> [About this exercise]
Pictures must not appear in the copy. Set down exactly the line with "Paire de bandes" and each line after it through the end of the data below.

> [Recorded data]
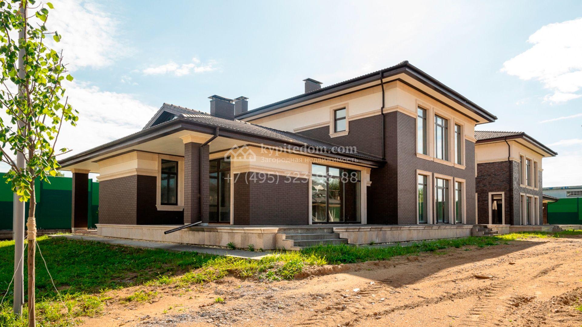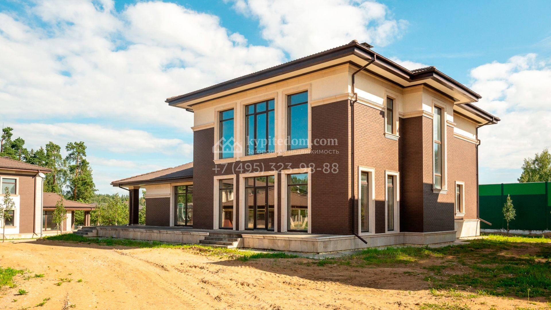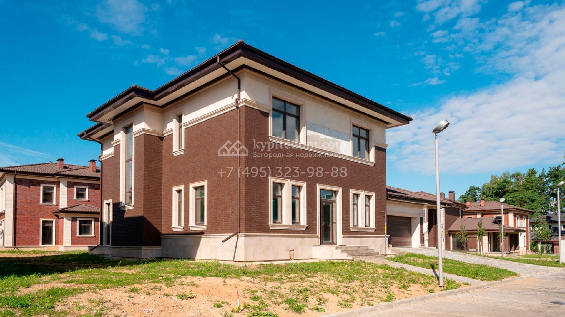 Двухэтажный дом в европейском стиле площадью 372 м² построен по проекту «Лион» на участке 9,2 соток на тихом краю поселка. Фасад загородной резиденции облицован темным клинкерным кирпичом, искусственным камнем и светлой штукатуркой. На первом этаже спланировано помещение гаража для двух машин. Интерьеры представлены с предчистовой отделкой white box. В доме можно разместить до трёх спален с санузлами, просторную кухню-гостиную с выходом на террасу, кабинет и кладовые-гардеробные.
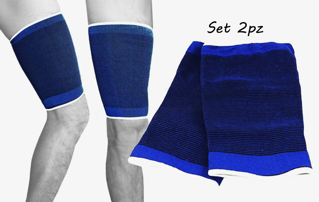 Paire de bandes élastiques pour cuisse. Son action élastique a un massage relaxant et une action de soutien pour la circulation, adaptée à ceux qui effectuent des travaux lourds et doivent rester debout pendant de nombreuses heures. Indispensable pour tout type de sport. Ils sont fabriqués en matériau lavable. Cette bande assure un soutien efficace des ligaments et muscles endommagés et des articulations faibles ou instables.
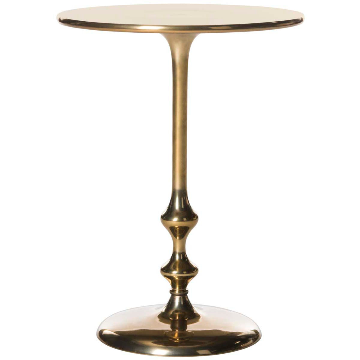 With its contemporary spin on traditional spindle style, this modern side table is a new classic. Its gently sculpted curves, reflected in its graceful tabletop pattern, are paired with a timeless antique brass finish ideal for any urban interior.
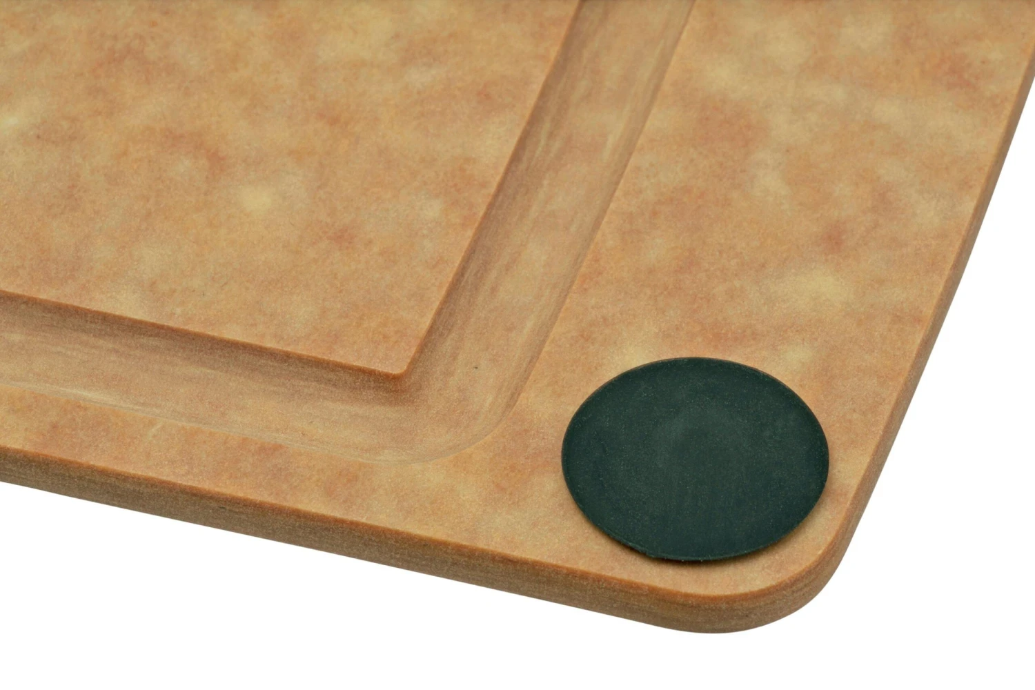 Das Victorinox All-in-One 7.4126 ist ein 37 cm breites und 28,5 cm langes Schneidebrett. Das Schneidebrett ist aus braunem Richlite gefertigt. Ein Material, das aus einer Kombination von 65 % FSC-zertifiziertem Zellstoff und 35 % Phenolharz besteht. Das Ergebnis ist ein dünnes Schneidebrett mit einer glatten, porenfreien, hitzebeständigen, BPA-freien und vor allem hygienischen Oberfläche. Dieses Holz ist weich genug, um die Schärfe des Messers nicht zu beeinträchtigen und gleichzeitig hart genug, um tiefe Kratzer zu vermeiden.

> [Task answer]
 Paire de bandes élastiques pour cuisse. Son action élastique a un massage relaxant et une action de soutien pour la circulation, adaptée à ceux qui effectuent des travaux lourds et doivent rester debout pendant de nombreuses heures. Indispensable pour tout type de sport. Ils sont fabriqués en matériau lavable. Cette bande assure un soutien efficace des ligaments et muscles endommagés et des articulations faibles ou instables.
 With its contemporary spin on traditional spindle style, this modern side table is a new classic. Its gently sculpted curves, reflected in its graceful tabletop pattern, are paired with a timeless antique brass finish ideal for any urban interior.
 Das Victorinox All-in-One 7.4126 ist ein 37 cm breites und 28,5 cm langes Schneidebrett. Das Schneidebrett ist aus braunem Richlite gefertigt. Ein Material, das aus einer Kombination von 65 % FSC-zertifiziertem Zellstoff und 35 % Phenolharz besteht. Das Ergebnis ist ein dünnes Schneidebrett mit einer glatten, porenfreien, hitzebeständigen, BPA-freien und vor allem hygienischen Oberfläche. Dieses Holz ist weich genug, um die Schärfe des Messers nicht zu beeinträchtigen und gleichzeitig hart genug, um tiefe Kratzer zu vermeiden.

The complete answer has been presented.